### [REQUIRED WORK]
Go through the entries below. Copy out every line that contains "features".

### [SUPPLIED INFORMATION]
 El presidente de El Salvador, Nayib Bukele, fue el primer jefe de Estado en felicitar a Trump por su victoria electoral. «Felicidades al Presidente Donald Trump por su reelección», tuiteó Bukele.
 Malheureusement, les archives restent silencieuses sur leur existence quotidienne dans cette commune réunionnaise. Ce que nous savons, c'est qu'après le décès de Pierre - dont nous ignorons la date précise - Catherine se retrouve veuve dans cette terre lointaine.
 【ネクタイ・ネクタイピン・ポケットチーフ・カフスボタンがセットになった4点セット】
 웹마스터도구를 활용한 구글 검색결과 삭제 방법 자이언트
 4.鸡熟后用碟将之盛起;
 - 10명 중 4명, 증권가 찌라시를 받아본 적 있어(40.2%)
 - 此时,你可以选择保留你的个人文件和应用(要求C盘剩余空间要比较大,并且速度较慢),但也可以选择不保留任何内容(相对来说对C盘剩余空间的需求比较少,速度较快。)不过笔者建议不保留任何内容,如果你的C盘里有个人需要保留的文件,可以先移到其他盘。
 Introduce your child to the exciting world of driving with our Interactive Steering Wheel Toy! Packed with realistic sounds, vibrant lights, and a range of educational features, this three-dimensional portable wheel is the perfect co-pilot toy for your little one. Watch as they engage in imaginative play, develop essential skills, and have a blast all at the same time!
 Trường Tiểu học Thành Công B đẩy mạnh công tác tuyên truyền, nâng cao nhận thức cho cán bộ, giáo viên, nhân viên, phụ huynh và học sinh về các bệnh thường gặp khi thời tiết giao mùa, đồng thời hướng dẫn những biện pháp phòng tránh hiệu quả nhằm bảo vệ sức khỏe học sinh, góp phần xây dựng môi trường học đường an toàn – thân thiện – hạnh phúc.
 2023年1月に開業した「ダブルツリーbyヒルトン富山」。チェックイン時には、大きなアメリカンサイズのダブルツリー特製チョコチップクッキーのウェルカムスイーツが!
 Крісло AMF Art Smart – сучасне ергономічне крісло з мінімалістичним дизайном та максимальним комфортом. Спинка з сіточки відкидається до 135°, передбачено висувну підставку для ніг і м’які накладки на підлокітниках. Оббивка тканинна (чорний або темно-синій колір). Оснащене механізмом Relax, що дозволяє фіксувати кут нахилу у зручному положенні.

==

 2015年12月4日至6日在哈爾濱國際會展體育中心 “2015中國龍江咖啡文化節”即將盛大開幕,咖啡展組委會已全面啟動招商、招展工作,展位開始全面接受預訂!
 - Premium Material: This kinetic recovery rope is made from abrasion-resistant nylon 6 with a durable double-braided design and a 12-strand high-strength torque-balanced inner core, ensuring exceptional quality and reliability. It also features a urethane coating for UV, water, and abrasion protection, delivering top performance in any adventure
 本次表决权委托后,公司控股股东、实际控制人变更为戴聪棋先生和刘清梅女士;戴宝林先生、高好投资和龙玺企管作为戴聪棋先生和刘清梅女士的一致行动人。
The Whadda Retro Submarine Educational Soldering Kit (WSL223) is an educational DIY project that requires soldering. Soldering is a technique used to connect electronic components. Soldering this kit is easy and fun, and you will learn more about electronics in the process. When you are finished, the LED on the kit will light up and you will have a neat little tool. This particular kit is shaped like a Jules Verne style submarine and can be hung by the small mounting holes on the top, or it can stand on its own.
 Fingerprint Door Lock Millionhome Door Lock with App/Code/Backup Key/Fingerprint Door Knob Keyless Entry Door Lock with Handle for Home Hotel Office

--

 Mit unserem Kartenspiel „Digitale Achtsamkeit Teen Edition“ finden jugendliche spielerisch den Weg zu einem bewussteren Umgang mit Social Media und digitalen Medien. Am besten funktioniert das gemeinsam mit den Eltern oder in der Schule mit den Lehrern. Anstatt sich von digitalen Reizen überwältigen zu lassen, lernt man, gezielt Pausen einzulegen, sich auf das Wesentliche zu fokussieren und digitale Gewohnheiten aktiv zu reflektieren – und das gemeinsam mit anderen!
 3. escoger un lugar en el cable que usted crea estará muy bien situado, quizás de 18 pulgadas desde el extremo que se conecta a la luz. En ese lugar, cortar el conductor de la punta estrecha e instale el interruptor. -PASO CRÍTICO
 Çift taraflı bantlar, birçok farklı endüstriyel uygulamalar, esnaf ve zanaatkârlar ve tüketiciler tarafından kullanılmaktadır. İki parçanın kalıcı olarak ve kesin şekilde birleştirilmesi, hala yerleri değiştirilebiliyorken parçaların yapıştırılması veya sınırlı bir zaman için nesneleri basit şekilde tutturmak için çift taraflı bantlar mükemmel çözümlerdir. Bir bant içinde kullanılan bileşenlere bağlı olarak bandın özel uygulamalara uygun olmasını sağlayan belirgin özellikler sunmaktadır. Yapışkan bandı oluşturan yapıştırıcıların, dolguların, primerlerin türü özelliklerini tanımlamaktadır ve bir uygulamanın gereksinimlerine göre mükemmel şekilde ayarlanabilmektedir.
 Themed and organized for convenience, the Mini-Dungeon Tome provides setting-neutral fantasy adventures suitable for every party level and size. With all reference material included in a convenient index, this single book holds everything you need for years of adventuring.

### [REPLY]
 Introduce your child to the exciting world of driving with our Interactive Steering Wheel Toy! Packed with realistic sounds, vibrant lights, and a range of educational features, this three-dimensional portable wheel is the perfect co-pilot toy for your little one. Watch as they engage in imaginative play, develop essential skills, and have a blast all at the same time!
 - Premium Material: This kinetic recovery rope is made from abrasion-resistant nylon 6 with a durable double-braided design and a 12-strand high-strength torque-balanced inner core, ensuring exceptional quality and reliability. It also features a urethane coating for UV, water, and abrasion protection, delivering top performance in any adventure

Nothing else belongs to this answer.